# CS计算机代考程序代写 algorithm CSCI 4041

CSCI 4041

Discussion Section Notes

mo000007@umn.edu

MergeSort

Divide and Conquer algorithm

● Recursively divide into subproblems (smaller size)

● Solve each subproblem

● Conquer/combine each solution back

How MergeSort works?

● Divide n elements into 2 subproblems, each has n/2 elements

● Recursively sort each subproblem using merge-sort

● Merge each sorted arrays into one

Question: Is it possible to divide it into 3 sub arrays to sort?

page: 31-34

MergeSort Exercise:

The code (Merge) on page 31 sort the array in ascending order. What changes need to be made so that it will sort the array in descending order.
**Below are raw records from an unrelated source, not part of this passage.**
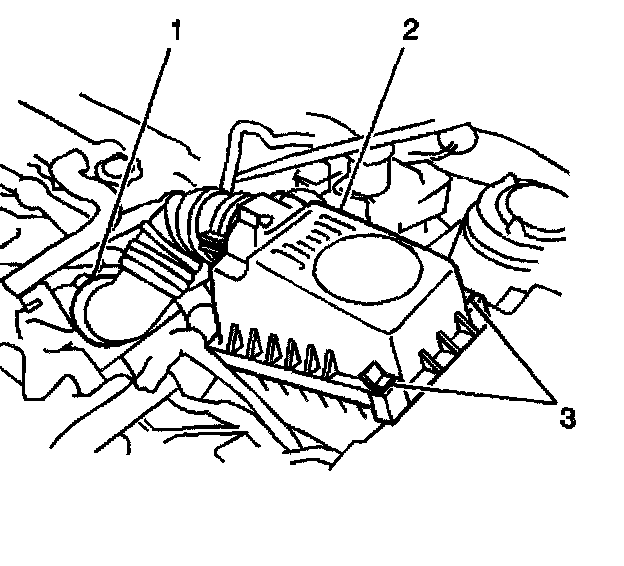 9. Remove the air cleaner hose and cap assembly (1). Disconnect the Throttle Position (TP) sensor connector.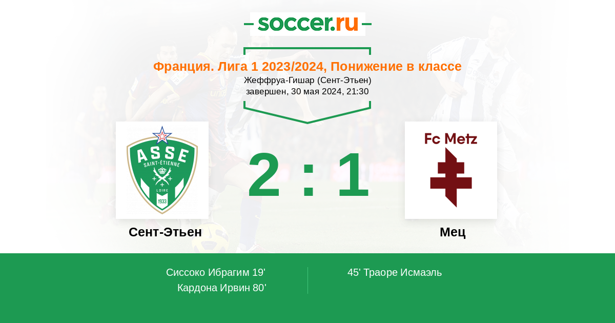 Протокол матча Сент-Этьен против Мец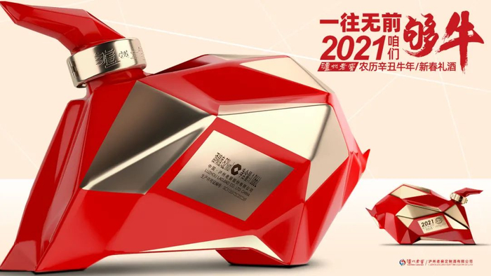 “整体产品从头、背、尾的设计上,体现了一个力量的封存感,表达‘牛’转乾坤之意,冲击感更强,红色、金色的拼接碰撞,呈现出极强的力量感,有‘石破天惊’的意象。”泸州老窖定制酒公司内部人士向酒业家透露了该产品的设计初衷与寓意,“2020的疫情让国民见证了大国力量,2021年我们以‘够牛’精神,“一往无前”的气势,致敬大国之势,整体向世界传递中国力量和自信,携手同心,攻坚克难。”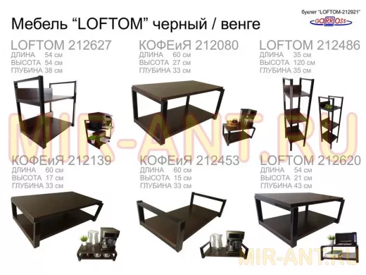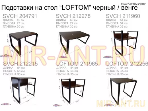 Полка под принтер или МФУ, высота 54см черная "LOFTOM 212904" 2 уровня, 35х54см, венге - MIR-ANT.RU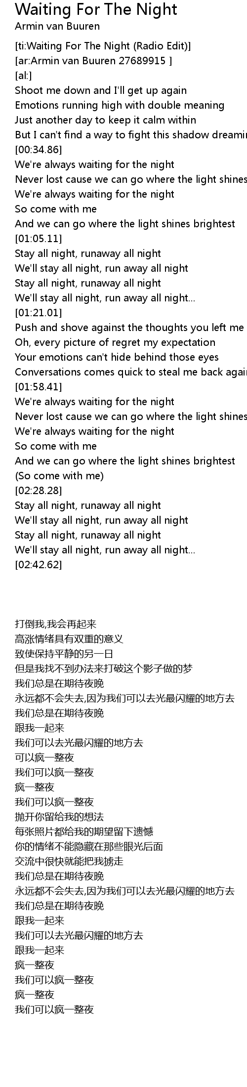 [ti:Waiting For The Night (Radio Edit)] |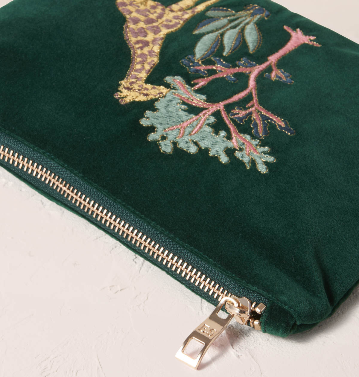 This vibrant and detailed design was inspired by the elegant, long-legged creatures that Elizabeth saw grazing on the plains of Kenya during her honeymoon safari. The design details the creature's unique pattern, and majestic form, along with the leafy green habitat amongst which they graze.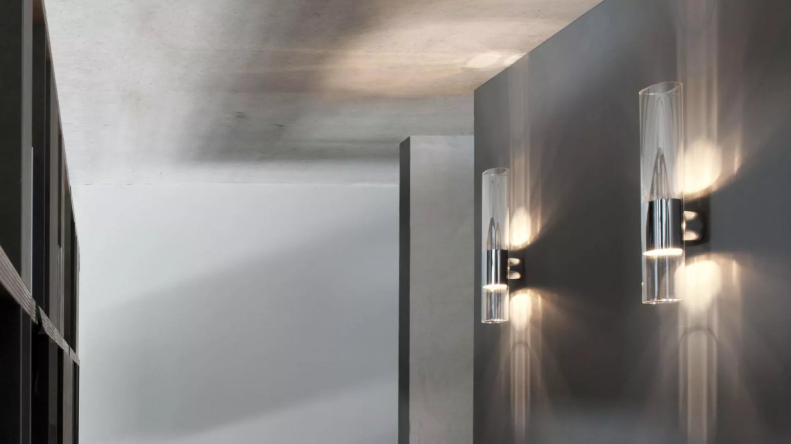The Line wall lamp uses the special oval Pyrex glass to portray an essential, minimal image, yet at the same time which is strongly characterised. The generous size, the importance of the material, the partial polished aluminium coating, the existence of two light sources that diffuse the light both upwards and downwards, make Line a versatile product.

Rewrite the Merge so that it does not use sentinels, instead stopping once either array L or R has had all its elements copied back to A and then copying the remainder of the other array back into A.

Runtime of MergeSort

T(n) = 𝚯(n log n)

Runtime of Recurrence

● n – the size of the problem

● a – the number of subproblems

● n/b – the size of each subproblem; you put 1/b size of original size into each

subproblem

● 𝚯(n) – D(n) + C(n)

● D(n) – time to divide the problem into subproblems: 𝚯(1)

● C(n) – time to combine the solutions to the subproblems into the solution to

original problem: 𝚯(n)

Master Theorem

page: 94

Master Theorem: Exercise

● Use the master method to give tight asymptotic bounds for the following recurrences.
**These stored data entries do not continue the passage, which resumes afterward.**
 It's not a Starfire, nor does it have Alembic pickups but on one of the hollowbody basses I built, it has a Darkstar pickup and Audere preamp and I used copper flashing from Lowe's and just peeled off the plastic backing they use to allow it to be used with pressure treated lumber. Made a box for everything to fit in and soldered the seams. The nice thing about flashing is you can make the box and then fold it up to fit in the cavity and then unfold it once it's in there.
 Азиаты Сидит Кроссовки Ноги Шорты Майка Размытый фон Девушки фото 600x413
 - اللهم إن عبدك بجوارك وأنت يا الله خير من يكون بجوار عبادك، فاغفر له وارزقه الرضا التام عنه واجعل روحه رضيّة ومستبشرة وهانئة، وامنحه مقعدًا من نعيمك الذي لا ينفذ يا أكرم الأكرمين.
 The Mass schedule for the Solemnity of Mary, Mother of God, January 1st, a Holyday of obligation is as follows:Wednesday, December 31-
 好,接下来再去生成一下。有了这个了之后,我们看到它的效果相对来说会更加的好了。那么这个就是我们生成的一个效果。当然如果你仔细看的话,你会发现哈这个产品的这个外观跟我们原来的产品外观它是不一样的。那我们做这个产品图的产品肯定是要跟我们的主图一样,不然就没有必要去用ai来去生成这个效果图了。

● Show that the runtime for MergeSort, T(n) = 2T(n/2) + 𝚯(n) is 𝚯(n lg n).

Master Theorem: Exercise

● a = 2, b = 4, logba = log42 = 1⁄2, nlog_4 2 = n1⁄2 = √n

a) f(n) = 1; f(n) < nlog_4 2 = √n; 1 < √n thus case 1
■ 𝚯(nlog_4 2) = 𝚯(√n) b) f(n) = √n; case 2
■ 𝚯(nlog_4 2 lg n) = 𝚯(√n lg n) c) f(n) = n; case 3
■ 𝚯(n)
d) c = 2; case 3
■ 𝚯(n2)
● Runtime for MergeSort: T(n) = 2T(n/2) + 𝚯(n).
○ a = 2, b = 2, logba = log22 = 1, nlog_2 2 = n, f(n) = n
○ 𝚯(n lg n)
QuickSort
Divide and Conquer algorithm - same as MergeSort
● Select an element as a pivot element
● Divide/partition the array on the basis of pivot
○ Partition into 2 subarrays s.t A[1...q-1] < A[q] < A[q+1...len(A)]
○ A[q] - pivot element
● Recursively call QuickSort on Left and Right Partition
● Since the subarrays are already sorted, no work is needed to combine them
QuickSort
The example shows the illustration of Partition using the last element as pivot.
Exercise: Show the steps of Partition for: [5, 13, 2, 25, 7, 17, 20, 8, 4]
page: 171
Runtime of QuickSort
The runtime depends on the partitioning. Why? Worst-case (unbalanced partitioning):
Best-case (balanced partitioning):
How to pick pivot?
What is the best way to choose a pivot?
Exercise: Write code for QuickSort (page 171) and observe the operation of Partition for the following arrays:
[5, 8, 4, 7, 1, 3, 2, 6]
[1, 2, 3, 4, 5, 7, 8, 6]
What are the runtime costs for those two scenario?